DCNews, Jakarta — Setelah proses panjang yang menyita perhatian industri keuangan digital, Komisi Pengawas Persaingan Usaha akhirnya menjatuhkan vonis dalam perkara dugaan kartel bunga pinjaman online. Putusan itu bukan hanya menetapkan pelanggaran, tetapi juga mengirim sinyal keras terhadap praktik penetapan harga di sektor fintech lending yang selama ini tumbuh agresif.
Dalam sidang terbuka yang digelar Kamis (26/3/2026) di Gedung RB Supardan, Kelapa Gading, Jakarta, KPPU menyatakan sebanyak 97 perusahaan penyedia layanan peer-to-peer lending terbukti melanggar ketentuan persaingan usaha. Total denda yang dijatuhkan mencapai sekitar Rp755 miliar.

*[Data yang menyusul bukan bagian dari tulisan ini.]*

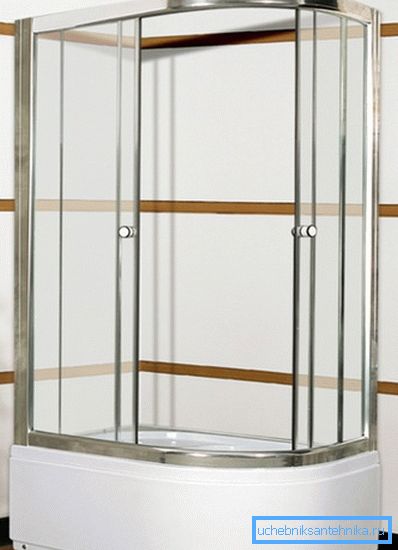 | Vrata | Mogu se napraviti od stakla ili akrila, prva opcija je pouzdanija i izdržljiva, ali je cijena mnogo veća, a druga opcija je jeftinija, ali njegova pouzdanost i otpornost na udarce ostavljaju mnogo želja. Ako na površini postoji zaštićeni premaz, onda ima vodootporni efekat, a depozit na takvim strukturama je značajno manje od onih koji se ne tretiraju. |

Majelis Komisi menilai para pelaku usaha yang tergabung dalam Asosiasi Fintech Pendanaan Bersama Indonesia telah melakukan praktik kartel melalui kesepakatan penetapan bunga pinjaman, yang bertentangan dengan Undang-Undang Nomor 5 Tahun 1999 tentang Larangan Praktik Monopoli dan Persaingan Usaha Tidak Sehat.
“Menimbang fakta, analisis, dan kesimpulan, Majelis menyatakan terlapor 1 sampai dengan 97 terbukti secara sah dan meyakinkan melanggar Pasal 5 Undang-Undang Nomor 5 Tahun 1999,” ujar salah satu anggota Majelis Komisi saat membacakan amar putusan.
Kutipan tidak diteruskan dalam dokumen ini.